From 1946 to 1954, the father’s family and the publishing house were housed in one of the most beautiful residences in Heidelberg: a noble, classicist building on the northern bank of the Neckar viewing the Old Bridge, Heidelberg Castle and the old town, and with an enchanted garden that reaches up to the ‘Philosophenweg’. The child Lambert and his playmates were only allowed to stay in the lower areas of the park, which contained a small pond and were dominated by a huge red beech. But for a little boy even that was a true fairytale world full of secrets.

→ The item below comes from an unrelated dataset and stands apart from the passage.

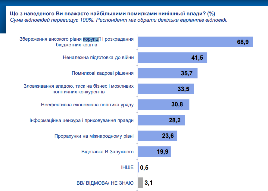 Так, 68,9% опитаних вважають, що збереження високого рівня корупції і розкрадання бюджетних коштів є найбільшою помилкою влади.

As playground also served the ‘Neckarstaden’, the river bank in front of the house, where there was always something exciting to watch for a child: for example, the barges that passed the Old Bridge in both directions, or, when the water was high, driftwood that was blown by the rapid current down the river, and finally – at least once a year – the famous ‘Heidelberg Castle Lights’ with fireworks: an event initiated and sponsored by the American occupiers, which was absolutely spectacular at the time.
The bank of the Neckar was also the child’s 1-hour walk-way to the elementary school in Ziegelhausen: a private school in which around 8 children from 5 to 10 years of age were taught together and where little Lambert was allowed to go out to the meadow from time to time and play with the sheep when he wasn’t in the mood to study.
When the house at Neuenheimer Landstraße was acquired by the Evangelical Church for seminary purposes, the family and the publishing house moved to a much more modest place in the ‘Weststadt’.